Zhang: The biggest challenge we encountered was the generalizability issue for our decision-making and diagnostic machine-learning algorithm. This is a well-known challenge for AI and medical image processing. When we train the machine-learning model on one subject’s data, the algorithm may not work on a new subject.
The difference in subject-dependent data features is unpredictable and sometimes it could significantly compromise the algorithm’s performance. We eventually made the machine-learning model generalization work by applying an advanced adaptation algorithm. This algorithm can automatically minimize the domain distribution discrepancies between different subjects, which means the machine intelligence can be transferred from subject to subject. We can train the algorithm on one subject and apply it to many other new subjects (with minimal retraining).
Tech Briefs: Can you explain in simple terms how the technology works?
Muyang Lin: We have made three major technological breakthroughs: First, we designed a wearable ultrasonic probe that can collect deep tissue signals from the skin surface. Second, we designed soft circuitry, which could automatically collect and transmit data wirelessly. Third, we made a decision-making, machine-learning algorithm for data analysis. With these advances, deep tissue physiology can be monitored in motion, which provides unprecedented opportunities for medical ultrasonography and exercise physiology.
Tech Briefs: The paper I read says, ‘Moving forward, the sensor will be tested among larger populations.’ Any research/work done on the clinical trials? How is that coming along?
Lin: We are now in the process of working with clinicians to obtain IRBs (approval for clinical trial) from the university.
Tech Briefs: The paper also says, ‘Xu is the co-founder of Softsonics, LLC, which plans to commercialize the technology.’ How soon do you think we will see your technology commercialized?

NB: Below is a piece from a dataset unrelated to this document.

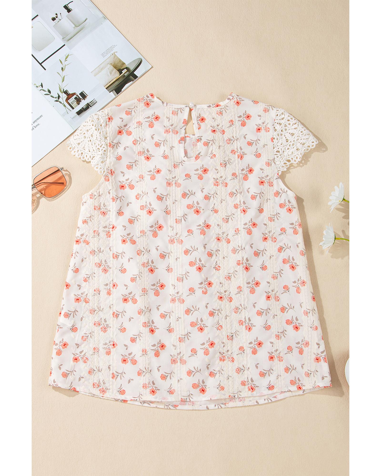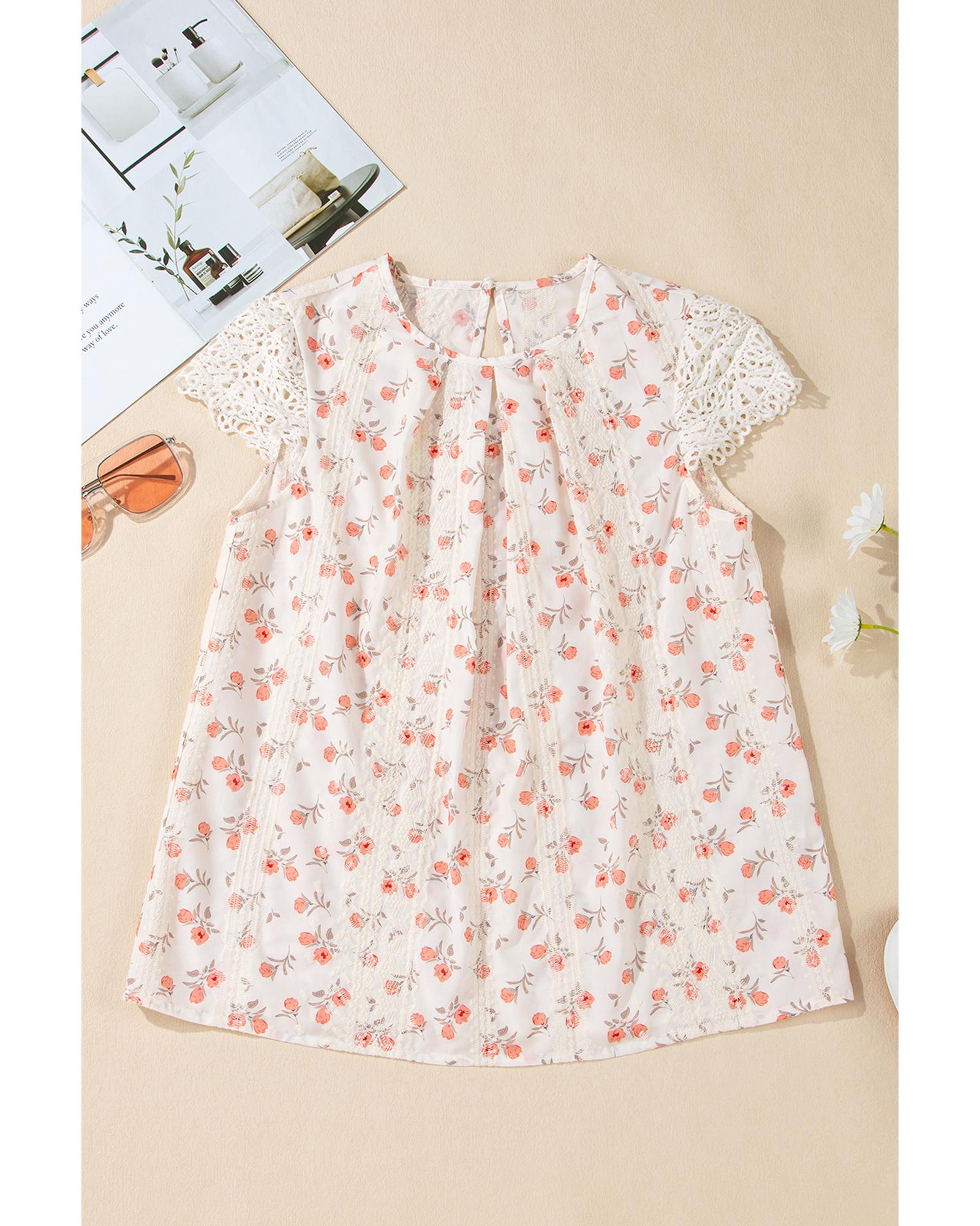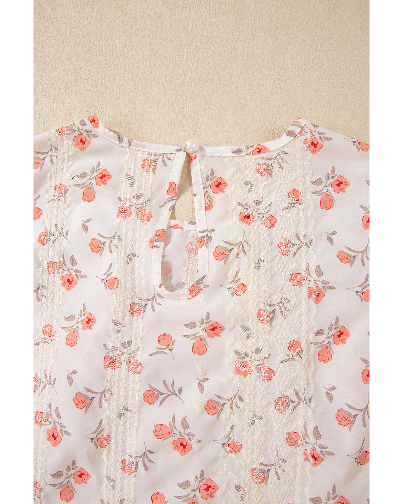 Pink Floral Print Embroidery Detail Crochet Cap Sleeve Blouse – L

Lin: The commercialization and clinical trial are related. This is the next generation of health-monitoring devices, so validating on a larger population is necessary. Passing the clinical trial is the key. We anticipate that it may take one year to validate our sensor against existing gold-standard medical devices. After we receive the clearance from clinical trials, this sensor could be commercialized and applied in clinics.

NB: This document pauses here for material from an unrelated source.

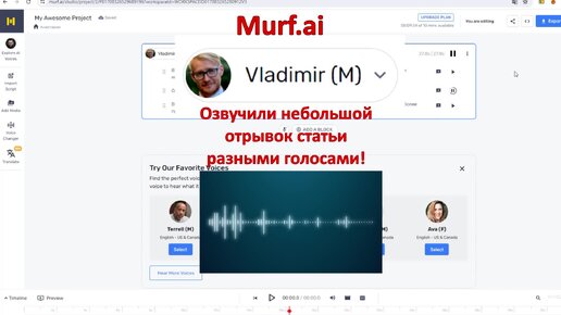 Murf.ai - нейросеть для работы с аудио контентом.

Tech Briefs: Do you have any advice for engineers aiming to bring their ideas to fruition?
Lin: To bring a rough idea into pioneering research, there are three key steps in general — know the problem, understand the technology, and keep innovating.
Although we are engineers, we do know the medical problems that clinicians face. We have a close relationship with clinicians and learn insights from them. Solving practical challenges brings high impact on the research.
A good understanding of existing technologies is also critical. There are technical barriers to be overcome, but to identify these barriers we need to understand the challenges. For example, one technical barrier for wearable ultrasound is that existing probes are operator dependent. Our latest development overcomes this challenge by implementing an autonomous algorithm to mimic clinicians’ knowledge to make decisions and diagnoses.
Innovation is also the key to developing revolutionary technology. We always keep our minds open to new technologies. Ideas from other fields are always inspiring. In this project, we borrowed object recognition algorithms developed by computer scientists to help us process medical images.
Tech Briefs: Anything else you’d like to add?
Lin: Existing wearable sensors are only focusing on the signals on the skin surface or shallow under the skin. We are going to deep tissues, whose signals have a stronger and faster correlation to those shallow signals. UCSD is pioneering this research direction and there are quite a few research groups in the world starting to do similar work now.